[Extracted records]
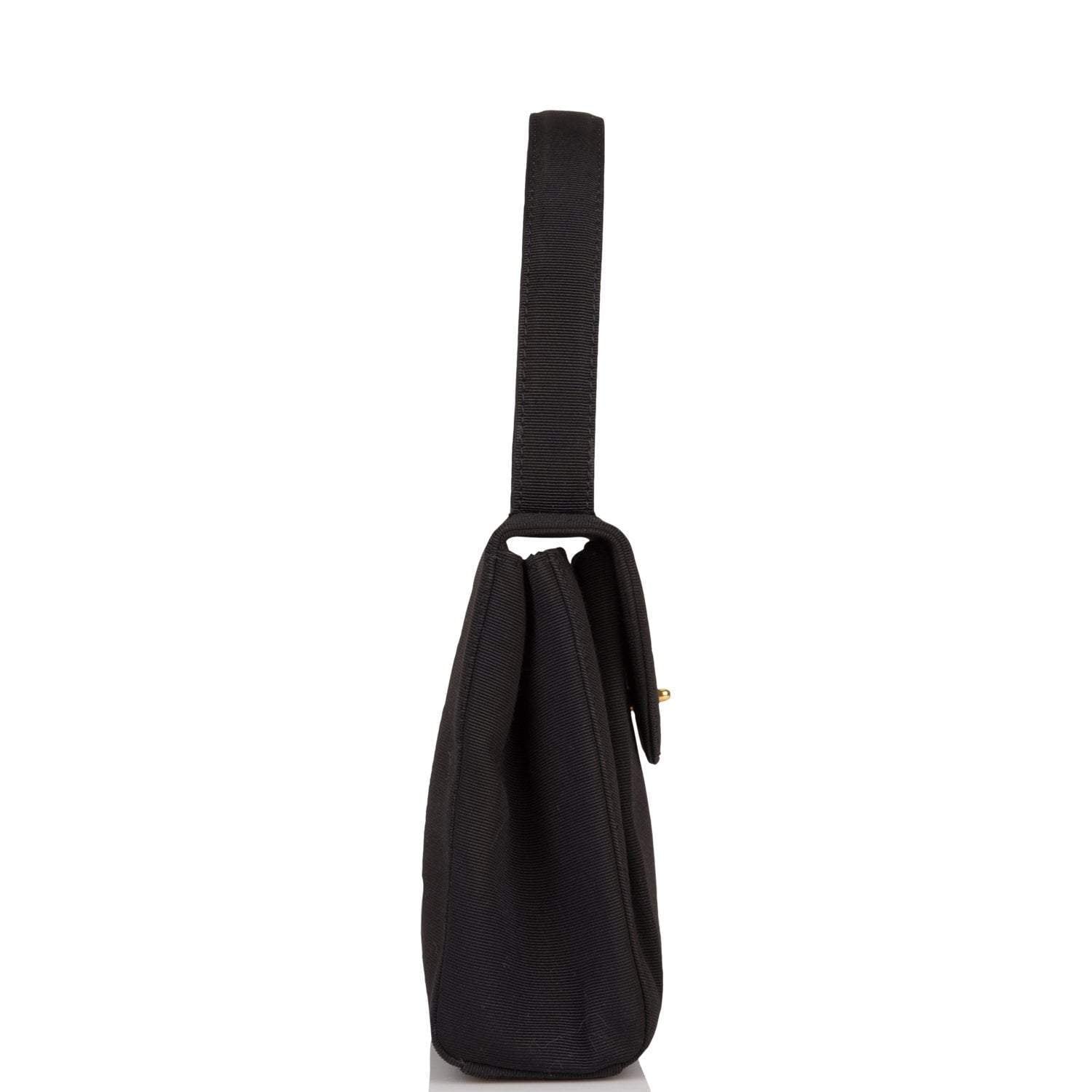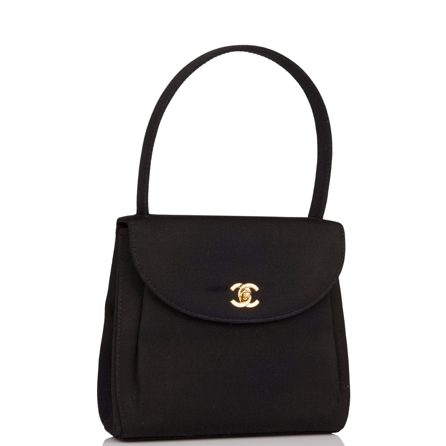 Vintage Chanel Mini Kelly Bag Black Satin Gold Hardware
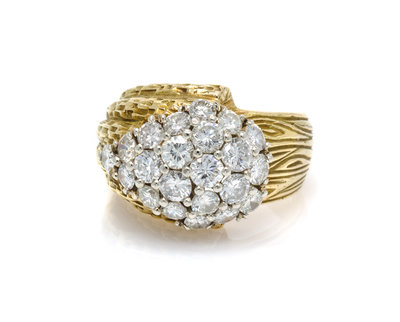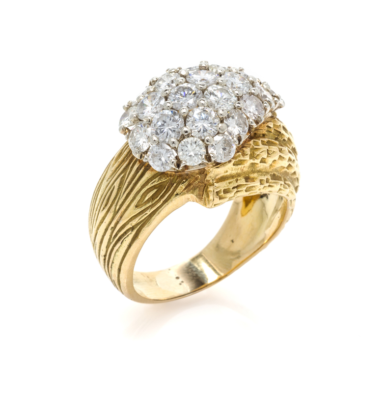 in an asymmetric design, composed of a textured and fluted bark motif ring base surmounted with a cluster setting containing 22 round brilliant cut diamonds weighing approximately 2.25 carats total.Stamp: 18K.
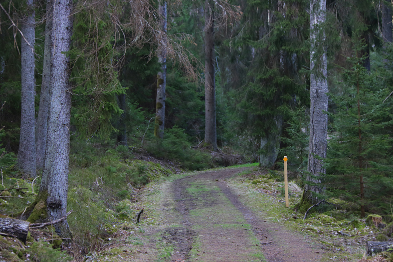 Det är den här mörkgröna färgen man vill se i granskog, inte den brungråa som de torra barren på döda granar bär med sig. Från Häringenäs gick jag en väg som ledde genom en hel del skogspartier, upp mot Bobäcken. Längs denna väg kan man på ett ställe ta en avstickare upp mot en fornborg och rastplats, men detta gjorde jag ej denna dag.
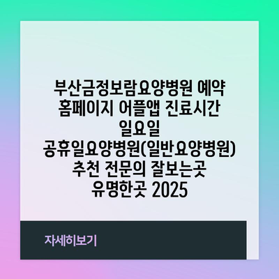 부산금정보람요양병원 예약 홈페이지 어플앱 진료시간 일요일 공휴일요양병원(일반요양병원) 추천 전연락 잘보는곳 유명한곳 2025 에 대해 자주 묻는 질문 TOP 5
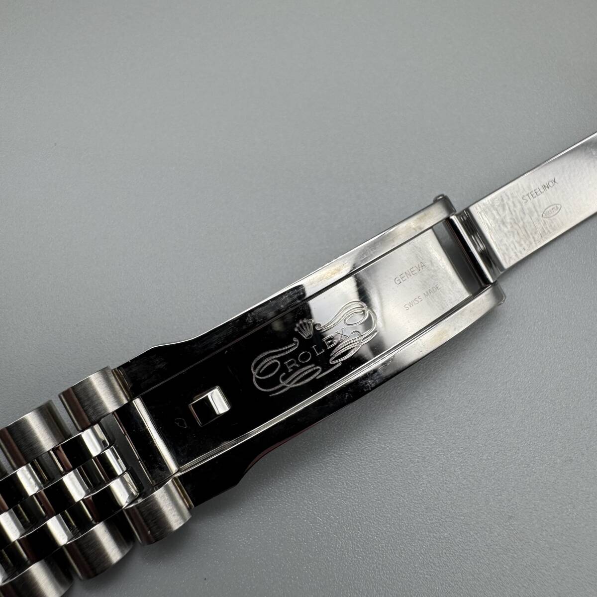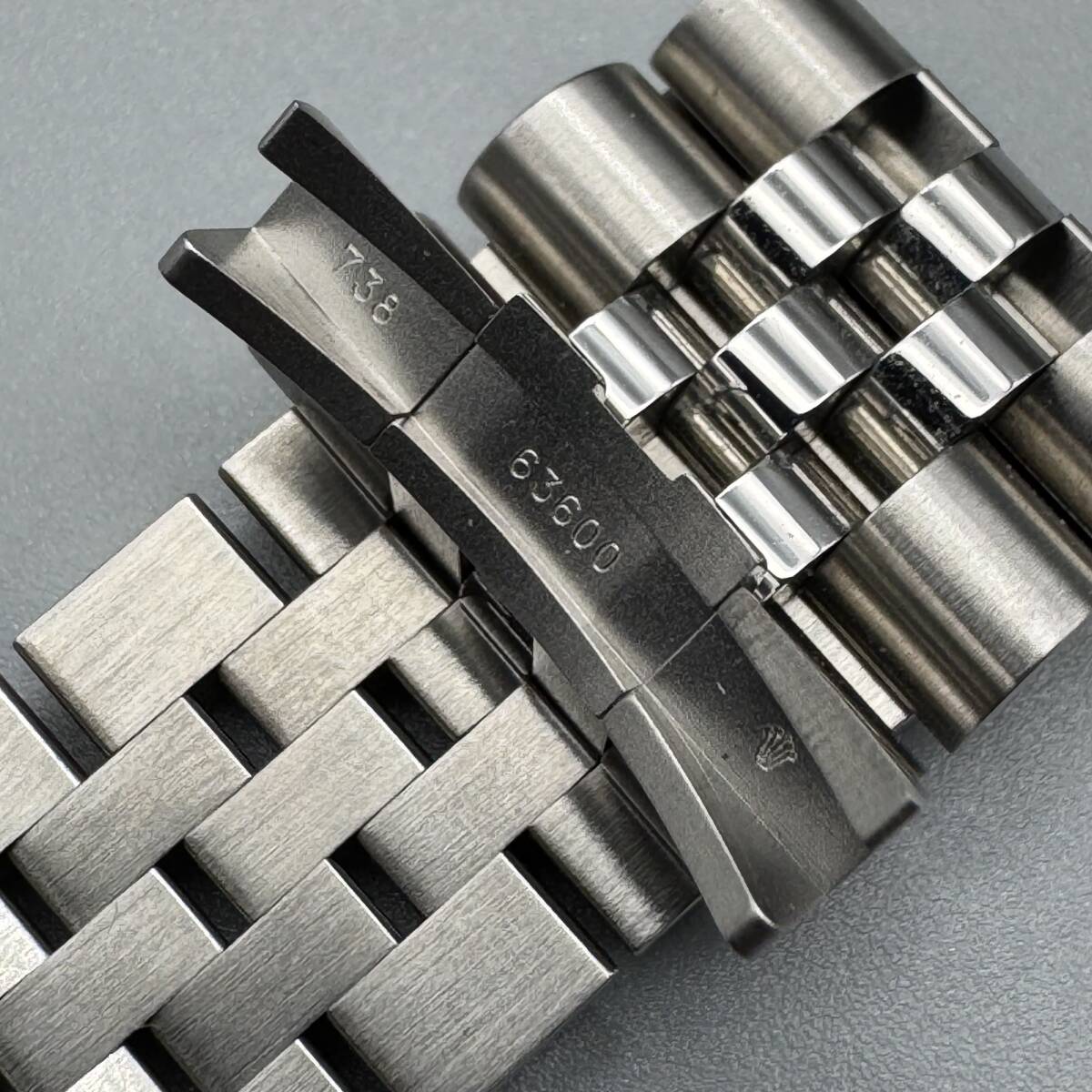 Rolex純正ジュビリーブレス63600の出品です。116234より取り外し品です。ラグ幅20mmのデイトジャスト、デイトナ、GMTマスター等に装着可能です。目立つ傷やヨレも無く、まだまだご愛用頂けるコンディションです。即決価格で出品致しますのでこの機会に是非ご検討下さい。
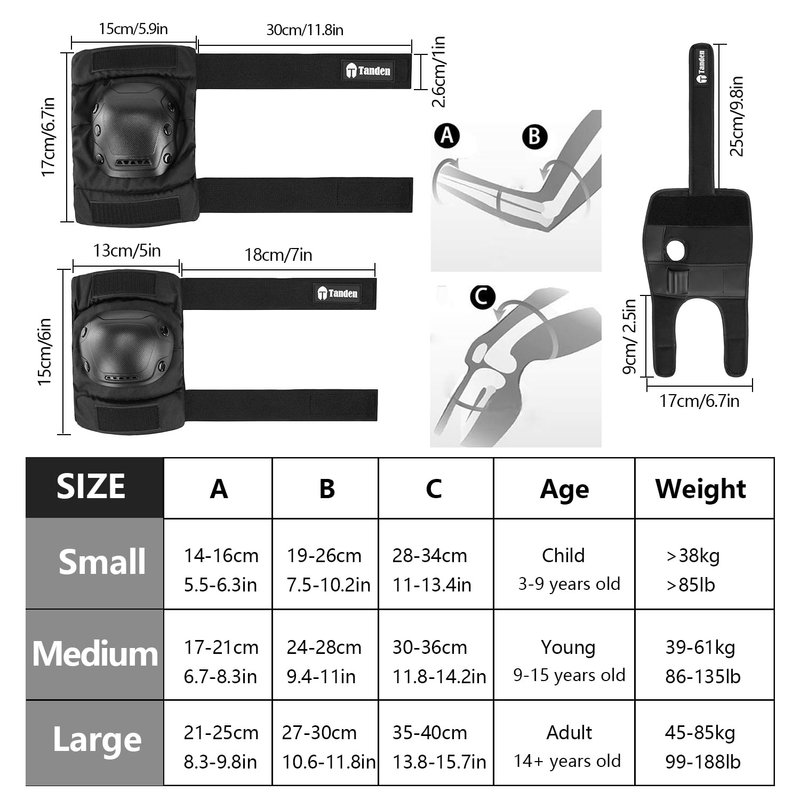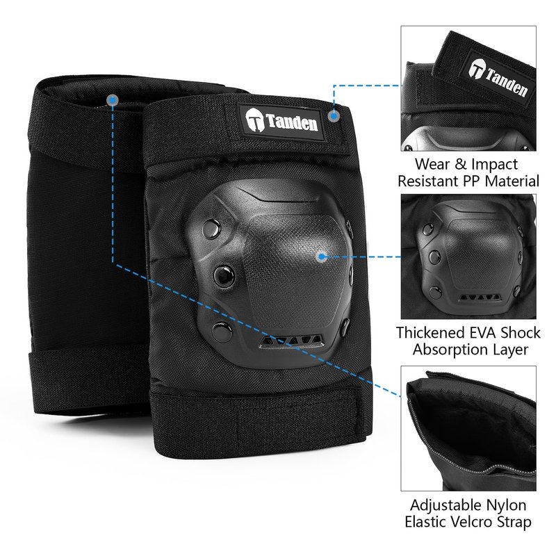 Tanden Skate Protective Gear Adult Knee and Elbow Pads for Roller Skating Black L

● THE TASK: Starting with the first line of the data above and ending with the line containing "in an asymmetric", please restate every line exactly, leaving images out.

● RESULT FOR THIS TASK:
 Vintage Chanel Mini Kelly Bag Black Satin Gold Hardware
 in an asymmetric design, composed of a textured and fluted bark motif ring base surmounted with a cluster setting containing 22 round brilliant cut diamonds weighing approximately 2.25 carats total.Stamp: 18K.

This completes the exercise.